### RECORDED INFORMATION
• • • • • • •
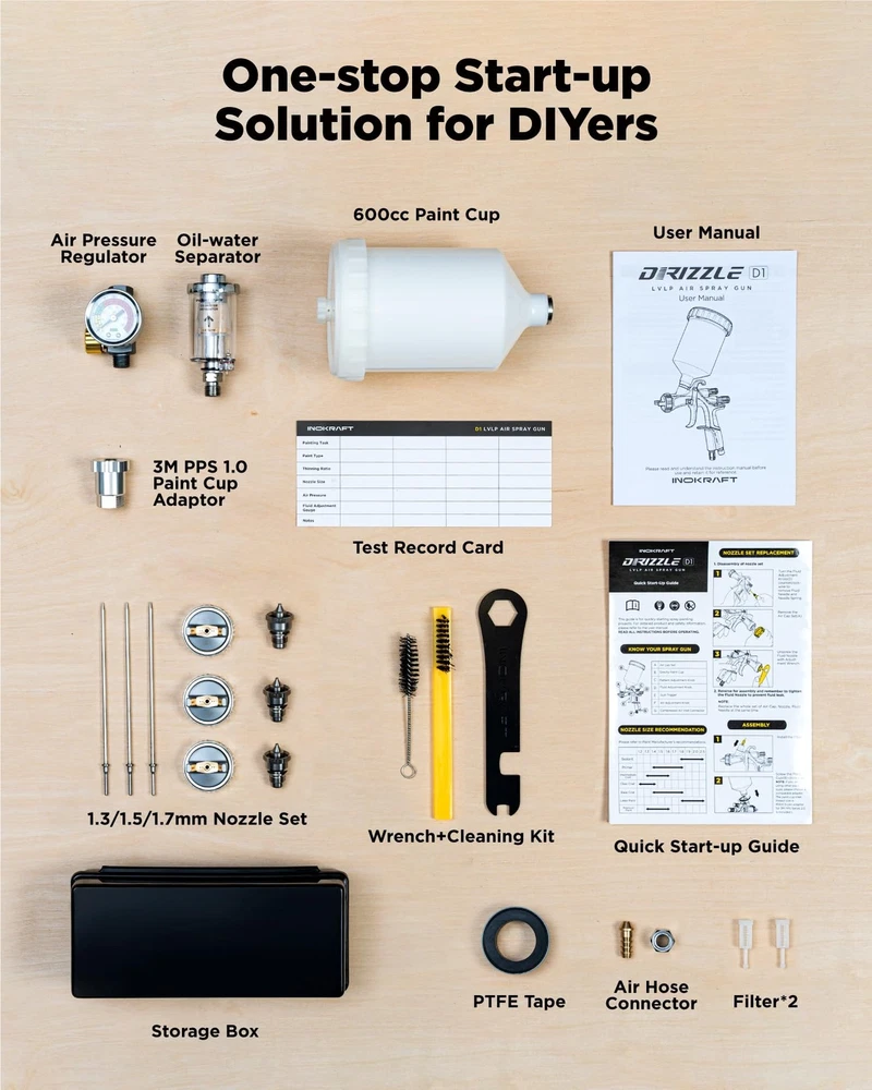D1-LVLP Spray Gun Premium Kit Spray Like a Pro with Ease: Drizzle D1 LVLP spray paint gun is designed for easy use, with clearly marked scales and labels on the body for quick operation. Our quick start-up guide, instruction manual and videos help you operate like a pro and start quickly. One-stop Start-up Solution for DIYers: D1 spray gun kit provides everything you need to start, pressure regulators, oil-water separators, frequently used nozzle sizes and more. You can start spraying projects right away. Superior Painting Quality & High Efficiency: Experience exceptional paint atomization and efficient transfer with D1 sprayer. Achieve professional and even finish with ease, while saving paint and reducing environmental pollution. Ideal for automotive, furniture and DIY painting projects. Easy to Clean & Built to Last: The D1 LVLP spray gun features a durable one-piece forged aluminum body with Teflon coating. This upgrade enhances wear resistance and makes cleaning a breeze. Your satisfaction is our priority!
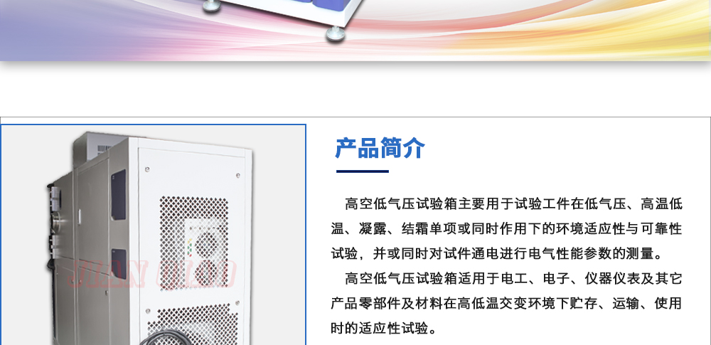 產(chǎn)品型號:JQTA-225 品牌:劍 喬 用途:高空低氣壓試驗箱主要用于試驗工件在低氣壓、高溫低溫、凝露、結霜單項或同時作用下的環(huán)境適應性與可靠性試驗,并或同時對試件通電進行電氣性能參數(shù)的測量。高空低氣壓試驗箱咨詢熱線:13829135130
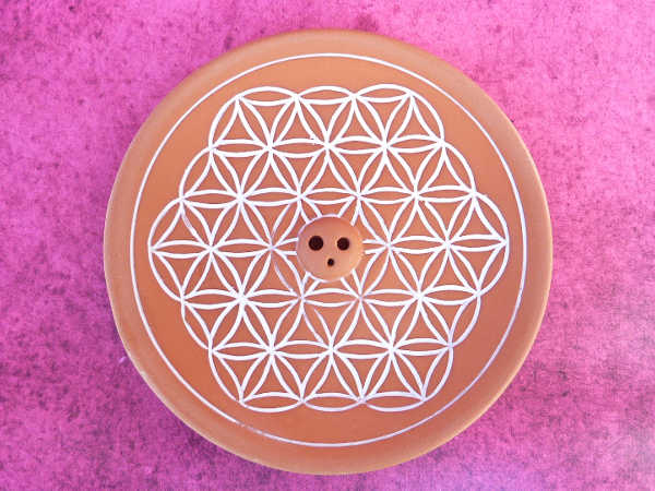Hübscher, runder, terracottafarbener Räucherstäbchenhalter aus Ton mit weißem Motiv Blume des Lebens.
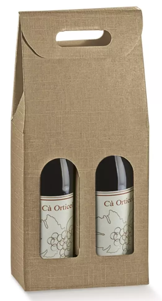 La boîte carton référence 30627 de Scotton est conçue pour transporter et présenter élégamment deux bouteilles. Elle est équipée d'une poignée pratique et de deux fenêtres en façade, offrant une belle mise en valeur des bouteilles à l'intérieur. Fabriquée en carton recyclable, elle associe praticité et esthétisme.
• • • • • • •
### PROBLEM DESCRIPTION
Starting at the line that contains "產(chǎn)品型號:JQTA-225 品牌:劍 喬", retype each line through the final one in the listing, with both ends kept and the pictures omitted.

### EXERCISE ANSWER
 產(chǎn)品型號:JQTA-225 品牌:劍 喬 用途:高空低氣壓試驗箱主要用于試驗工件在低氣壓、高溫低溫、凝露、結霜單項或同時作用下的環(huán)境適應性與可靠性試驗,并或同時對試件通電進行電氣性能參數(shù)的測量。高空低氣壓試驗箱咨詢熱線:13829135130
Hübscher, runder, terracottafarbener Räucherstäbchenhalter aus Ton mit weißem Motiv Blume des Lebens.
 La boîte carton référence 30627 de Scotton est conçue pour transporter et présenter élégamment deux bouteilles. Elle est équipée d'une poignée pratique et de deux fenêtres en façade, offrant une belle mise en valeur des bouteilles à l'intérieur. Fabriquée en carton recyclable, elle associe praticité et esthétisme.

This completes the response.